Black Ops of TCP/IP: Paketto Keiretsu 1.0 Release
Effugas writes "After pushing OpenSSH
to perform feats of secure tunneling far beyond what I ever expected it could
do, it became clear that some genuinely useful modes of network operation were
simply inaccessable without either replacing or manipulating core network protocols.
Since the basic infrastructure of the Internet isn't likely to change any time
soon, that left...creative manipulation and reconstruction of the Lingua Reseaux:
TCP/IP. Taking advantage of expectations,
pitting layers against eachother, finding new uses for old options and data fields -- instead of simply
unleashing the latest incarnation of some "Ping of Death", could such work
unveil hidden functionality within existing networks? As I discussed at
Black Hat 2002 and the inimitable
Defcon X, the answer is yes. And now,
proof of this is ready. BSD Licensed (in deference to the very source of TCP/IP),
The Paketto Keiretsu, Version 1.0,
is a collection of five interwoven
"proof of concepts" that explore, extract, and expose previously
untapped capacities embedded deep within networks and their stacks, at Layers 2 through 4.
The five --
scanrand,
minewt,
lc
(
linkcat
),
paratrace,
and the OpenQVIS
cross-disciplinary-a-go-go phentropy --
demonstrate Stateless TCP Scanning, Inverse SYN Cookies, Guerrila Multicast, Parasitic Tracerouting, Ethernet Trailer
Cryptography, and quite a bit more. (For details, stop by DoxPara Research
or check out the latest slides. The academic paper is coming "soon".)
In terms of actual usefulness, scanrand is no
nmap, but it's still interesting: During an authorized test inside a multinational corporation's class B,
scanrand detected 8300 web servers across 65,536 addresses. Time elapsed: approximately 4 seconds."
When choosing to post articles, some quick things to bear in mind:
1) What the hell is he talking about?
2) No Really, I got layer 2-4 networking, I even got "TCP/IP", but what, precisely has he done that is worthy of note here?

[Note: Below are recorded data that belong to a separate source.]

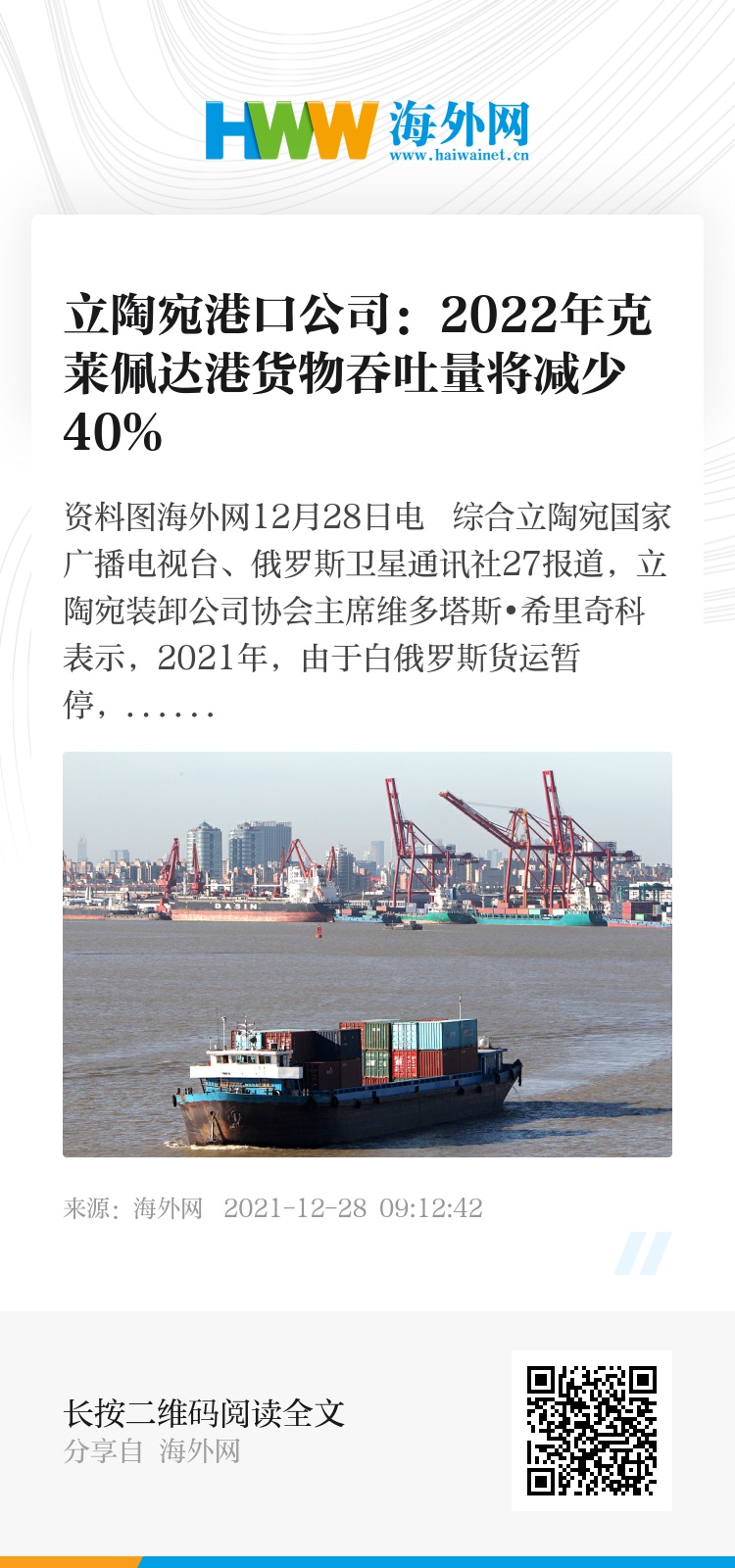 海外网12月28日电 综合立陶宛国家广播电视台、俄罗斯卫星通讯社27报道,立陶宛装卸公司协会主席维多塔斯•希里奇科表示,2021年,由于白俄罗斯货运暂停,立陶宛克莱佩达港损失超4%货物。2022年,加之受立中关系影响,克莱佩达港的货物吞吐量将减少40%。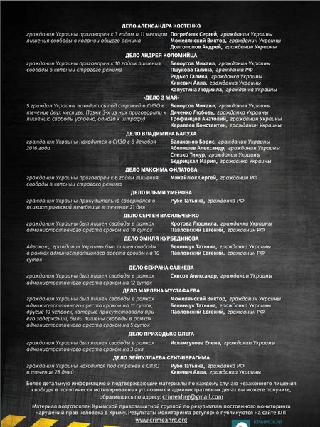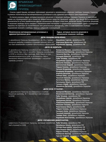 "Крымская правозащитная группа собрала информацию о судьях, которые принимают участие в грубейших нарушениях прав человека в Крыму. В список вошли судьи, которые принимали решения в делах узников Кремля. В списке судей – граждане и России, и Украины. Примечательно, что некоторые судьи принимали и продолжают принимать решения сразу по нескольким делам политзаключенных украинцев", – сказано в сообщении.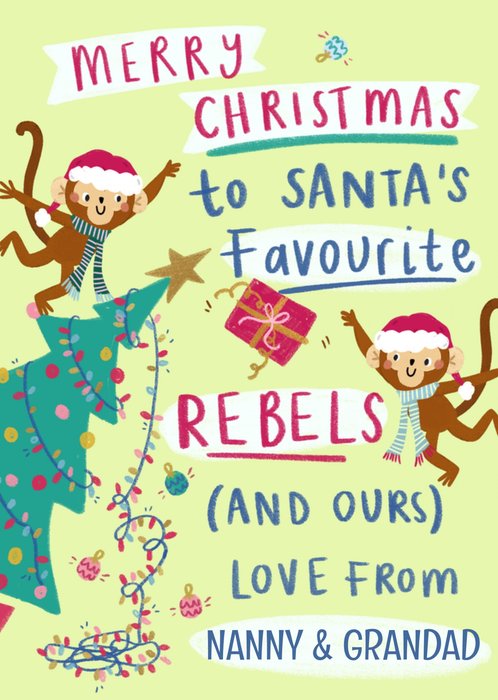 Merry Christmas To Santa’s Favourite Rebels Nanny And Grandad Christmas Card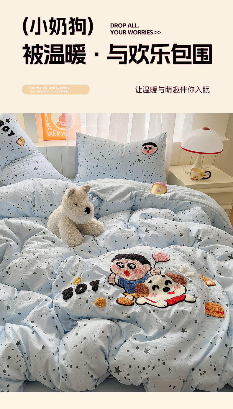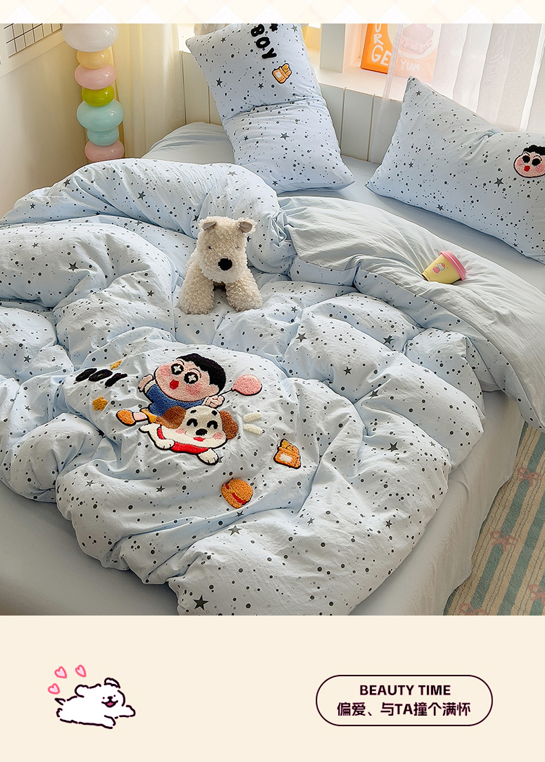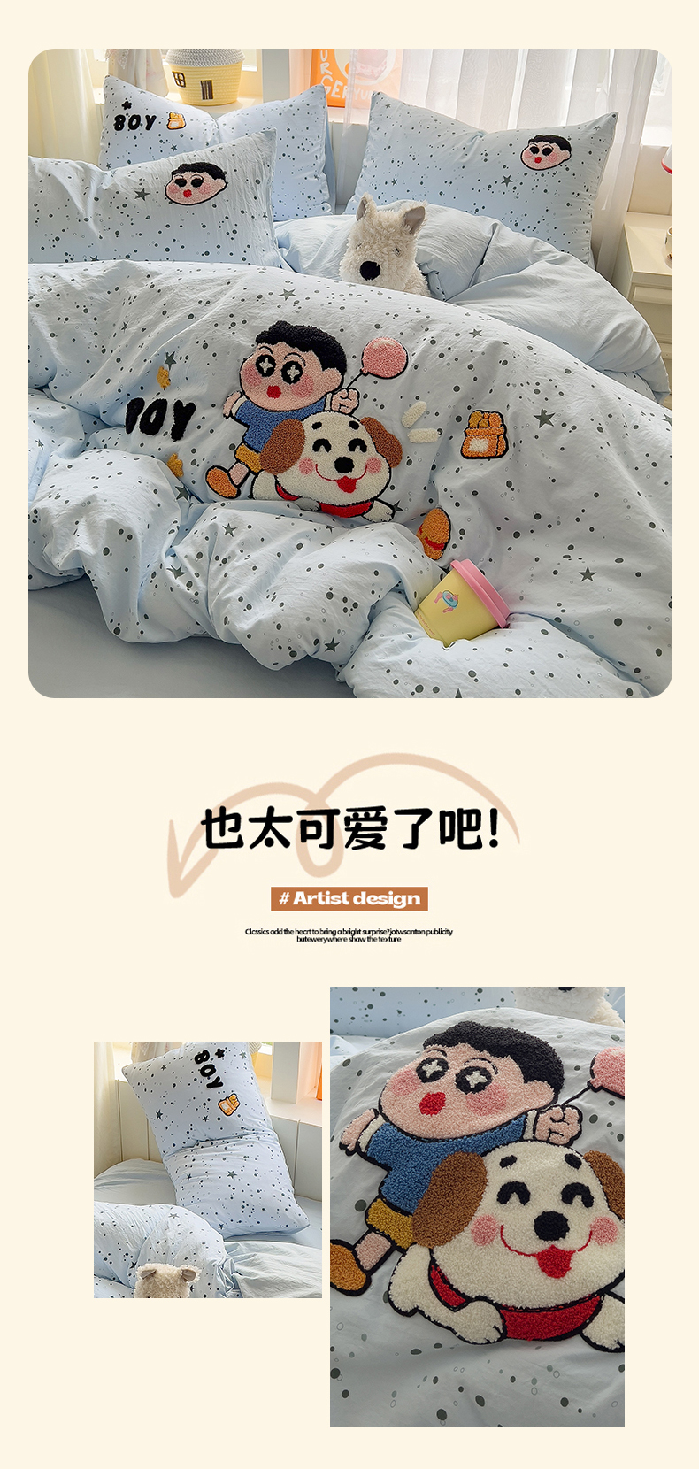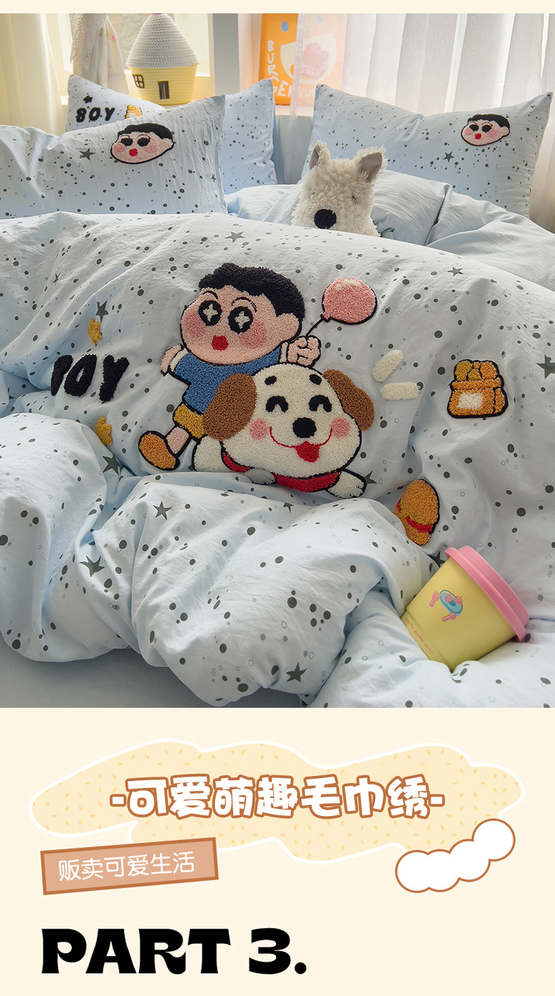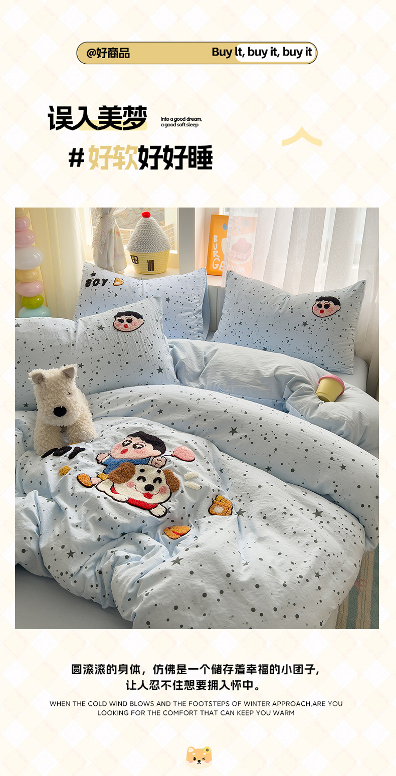 当前位置: 91家纺网 > 商品网购 > 床品套件 > 四件套 > 水洗棉四件套 > 易辰美 2025新款水洗棉毛巾绣卡通四件套 小新与大白

3) Besides which, to whom is this software suite useful? Does it have exploit probing, does it simply tell you what stuff lives where? Is it something faster than normal scanning procedures?
4) Background?
All of these things could be (if you were so inclined) attached to the end of our user's posts so that those of us who are interested, but completely lost by the pure amount of jargon flying about to understand, can figure out what is going on...
On a side note,
What the hell is the general purpose of these tools, indivdually or as a group?
hmmmm?
"the protocols the internet uses today are not conducive to certain types of networking tasks. however, tcp/ip, one of the internet's framework protocols, has a bunch of obscure parameters and fields that can be exploited to do new things [this isn't a very new concept.] i wrote a network scanner, fake NAT client, packet sniffer, traceroute utility, and some odd visualization tool. i like big words."
basically he wrote some new tools that are like the tools we already have but implemented in a slightly different way, except these tools were heralded by an obtuse 500-word self-aggrandizing technobabbling post on slashdot.
-fren
"Where are we going, and why am I in this handbasket?"